Il messaggio di Beppe Sala, per quanto netto e chiaro, rischia di essere un’arma a doppio taglio per i locali. Con la polizia a presidiare a tappeto la zona, il rischio è che la gente si senta intimorita ed eviti proprio di consumare.

«Il problema è che non ci sono direttive chiare. Io per esempio ero contrario al take away, per me i tavolini sarebbero stati la soluzione migliore per tenere sotto controllo la situazione», suggerisce il gestore. «Fatto quello, poi sono anche favorevole ad aumentare le multe: 100 euro se non hai la mascherina, così la gente impara».

Con le giuste condizioni, insomma, tutto si può fare. L’artista del Naviglio grande suggerisce di mettere in campo degli “educatori di strada” per sensibilizzare soprattutto i più giovani all’importanza di mantenere le distanze di sicurezza. Dopo mesi di convivenza con il coronavirus, è probabile che in molti ci abbiano fatto l’abitudine e percepiscano di meno la minaccia.

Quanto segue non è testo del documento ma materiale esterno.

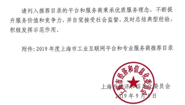 2019年9月,上海市經濟信息化委關于公布了2019年度上海市工業互聯網平臺和專業服務商推薦目錄的通知,共計46個平臺和專業服務商列入2019年度上海市工業互聯網平臺和專業服務商推薦目錄。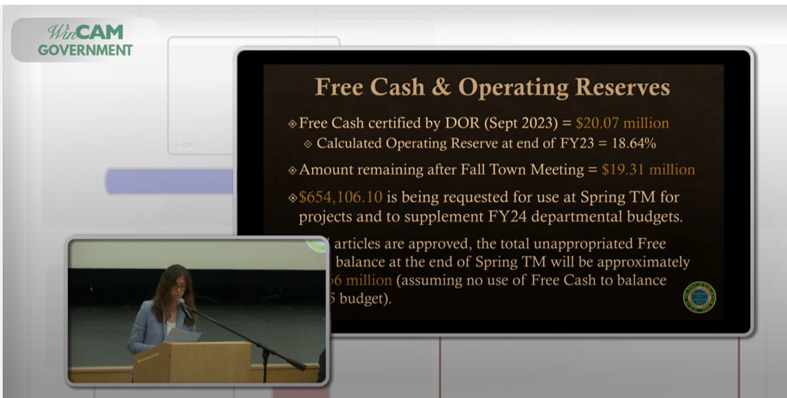 Miller, who offered the Finance Committee’s report, also spoke to the budget. He called the budget “structurally balanced” and said there was no use of free cash this time around and there would be no use for an override to make up for a deficit, either.

Ma soprattutto, però, per i gestori è arrivato il momento di smetterla con i passi avanti, se poi bisogna farne all’indietro. «Ci dicono aperti sì e subito dopo aperti no. Così non è possibile. Abbiamo bisogno di certezze», commenta secca una tabaccaia. «Piuttosto preferirei che stessimo tutti chiusi altri due mesi, se è il prezzo da pagare per tornare davvero a lavorare».